Вошедшая вскоре Анисья Ивановна разбудила Антошку.
– Ночью ухаживал за мной! – проговорил растроганный "граф".
– Ему что – отоспится днем! – промолвила Анисья Ивановна. – Ну, а ваше здоровье как, Александр Иваныч?..
– Отлежусь, Анисья Ивановна!..
– Малинки не дать ли?
– Ничего не хочется… Вот деньги, – проговорил "граф", указывая на стол, – мальчика накормите…
– И так накормлю… Бог с вами, Александр Иваныч… Теперь вам самим понадобится, а после сочтемся…
– Ну, спасибо… Добрая вы…
"Граф" снова погрузился в дремоту. От него так и пышало жаром.
Анисья Ивановна вызвала Антошку и приказала ему идти к докторше.
Через четверть часа Антошка уже вбегал в третий этаж и вошел в отворенную дверь квартиры думского врача. В прихожей дожидалось несколько человек бедного люда. Это был час приема больных…
Прошло несколько минут. Из кабинета вышла какая-то баба, а вслед за нею на пороге показалась небольшого роста брюнетка с умным и выразительным, несколько возбужденным лицом еврейского типа и живыми блестящими черными глазами. Вся ее маленькая фигурка в белом балахоне, одетом поверх черного платья, дышала какою-то вызывающею энергией.
– Смотрите же… Не забудьте, что я вам сказала, – говорила она быстро и точно, решительным, несколько авторитетным голосом. – Три раза в день по чайной ложке и мазь… Чья очередь?.. Пожалуйте…
В эту минуту Антошка подбежал к ней и проговорил взволнованным голосом:
– Госпожа докторша, будьте добреньки, зайдите поскорей к графу… Он опасно заболел…
– К какому графу? – изумилась докторша, взглядывая на взволнованного Антошку. – Граф может позвать другого врача…
Антошка поспешил объяснить, что заболевший не граф, а только так прозывается. Он Александр Иванович Опольев, и бедный, совсем бедный… Вчера выходил в одном пальтеце и вернулся весь заколевши… А всю ночь горел… И сейчас горит… Грудь болит, и ломит спину.
– Помогите, госпожа докторша, а то неравно помрет! – прибавил Антошка упавшим голосом.
Докторша записала адрес и обещала прийти тотчас же, как окончит прием больных.
– В десять часов буду! – прибавила она.
– Спаси вас бог! – воскликнул полный благодарности Антошка и побежал домой.
В десять часов явилась докторша. Ее встретила Анисья Ивановна и сочла почему-то нужным сообщить ей, кто такой ее жилец, как он оставлен богатыми своими родственниками и принужден побираться. Не преминула Анисья Ивановна рассказать и о том, как Александр Иванович пригрел такого же нищенку-сиротку Антошку…

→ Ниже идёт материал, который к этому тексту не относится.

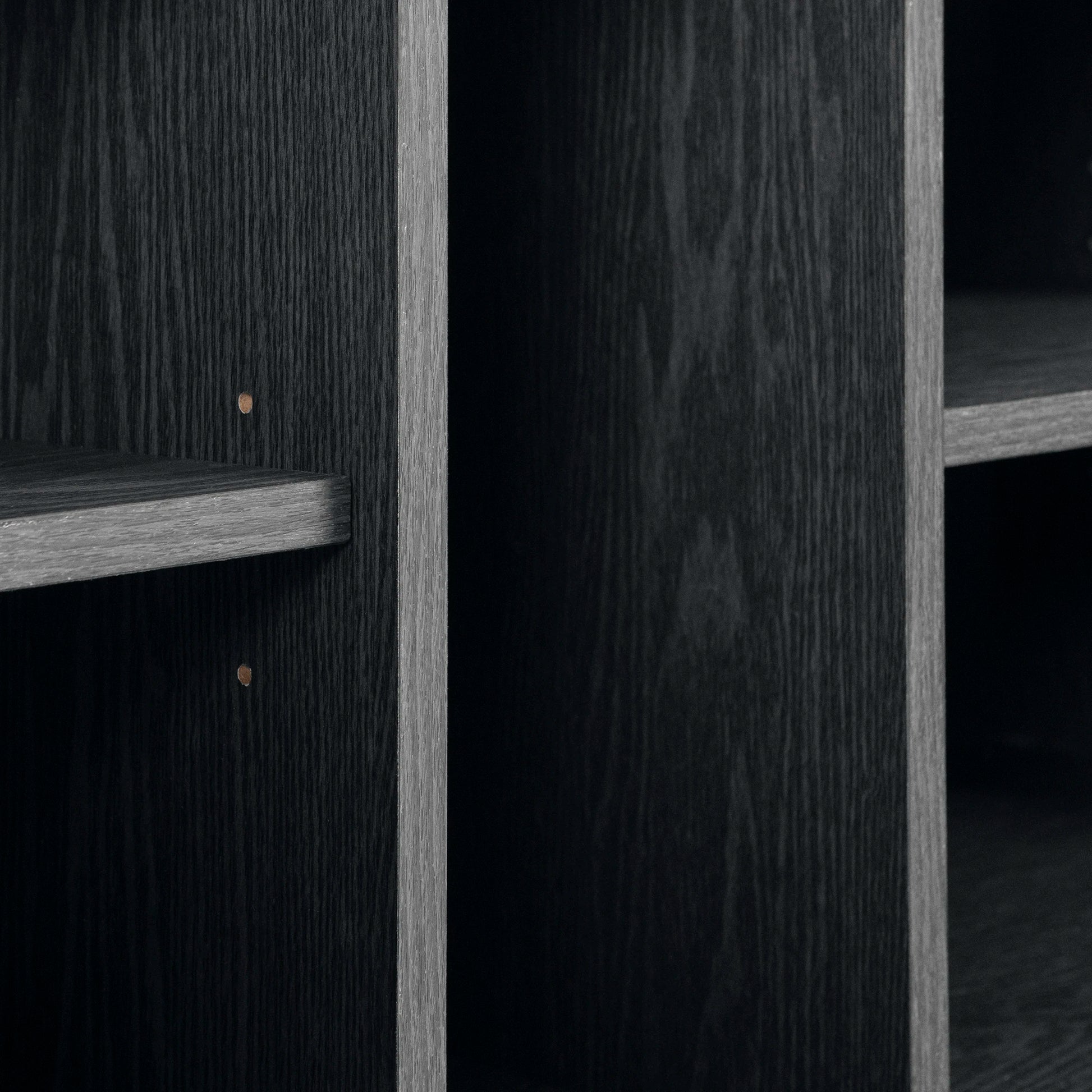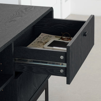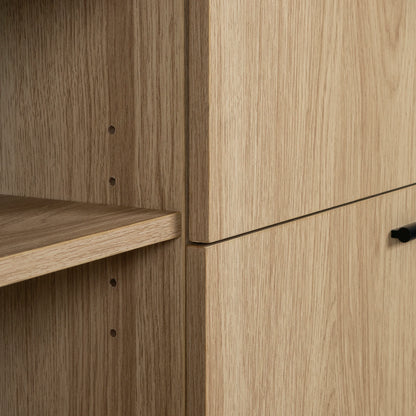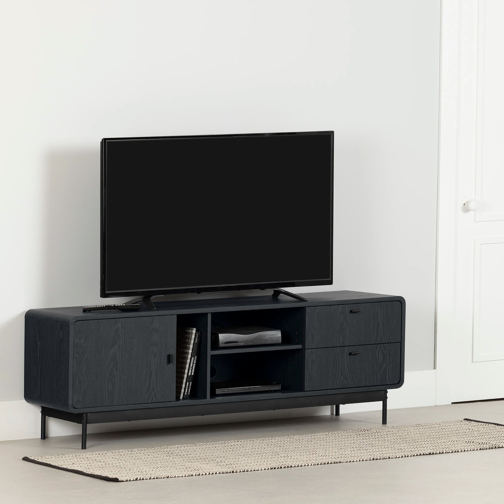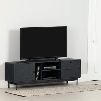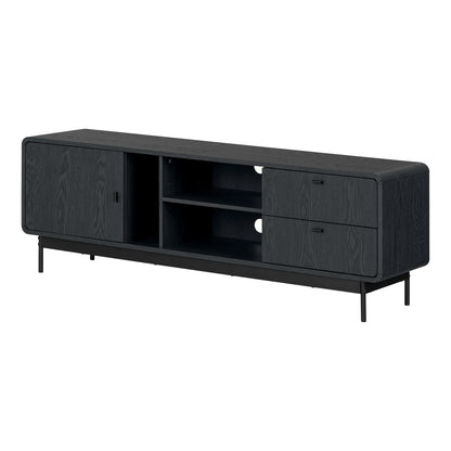 Conçu pour le divertissement, ce meuble TV offre un large éventail d’options de rangements. Outre sa capacité à accueillir un téléviseur jusqu’à 75 pouces, il dispose d’une porte avec tablette ajustable, de deux tiroirs pleine extension et d’une tablette centrale réglable à trois hauteurs. L’espace de rangement vertical peut accueillir vos livres ou vinyles, rendant ce meuble exceptionnellement polyvalent.

Только после этого предисловия Анисья Ивановна ввела докторшу в комнату жильца и, подойдя к его кровати, сказала:
– А я вам, Александр Иванович… докторшу привела…
"Граф" недовольно повел глазами на вошедшую. Его несколько смущало появление женщины-врача, и он надвинул на себя одеяло.
– Напрасно вы беспокоили, Анисья Ивановна, госпожу докторшу… У меня, собственно говоря, ничего серьезного…
"Граф" храбрился нарочно, несколько стесняясь осмотром женщины, а сам хорошо сознавал серьезность болезни и жаждал помощи.
– Я и не сомневаюсь в этом. А все-таки не позволите ли вас выслушать?
Докторша сказала это так просто, так участливо, и живые, умные ее глаза глядели с такою ласковою серьезностью, что "граф" проговорил:
– Что ж… Если вы находите нужным…
И он расстегнул ворот сорочки.
Докторша долго и внимательно выслушивала и выстукивала все еще богатырскую грудь "графа" и, предложив ему поставить термометр, проговорила:
– Болезнь ваша серьезнее, чем вы думаете… Конечно, опасности нет, но вам придется несколько времени пролежать в постели.
"Граф" пристально посмотрел на докторшу.
Его ввалившиеся большие черные глаза, горевшие лихорадочным блеском, глядели с выражением какой-то грустной насмешливости.
– Вы полагаете… опасности нет? – прошептал он и, заметив, что Антошка жадно и испуганно прислушивается, прибавил: – Вы говорите по-немецки?
– Говорю! – ответила докторша, несколько смущенная этим взглядом и ироническим тоном его слов.
И "граф" продолжал по-немецки:
– Не скрывайте от меня правды. Я знаю, что я опасен… Я бывал в руках докторов… Воспаление легких в мои годы и при такой обстановке… Finita la comedia? Не правда ли?.. Если так, то не лучше ли меня свезти в больницу, чтоб не стеснять эту добрую хозяйку… И кроме того, мне надо распорядиться насчет этого мальчика… Это – единственное существо на свете, ради которого я хотел бы еще жить…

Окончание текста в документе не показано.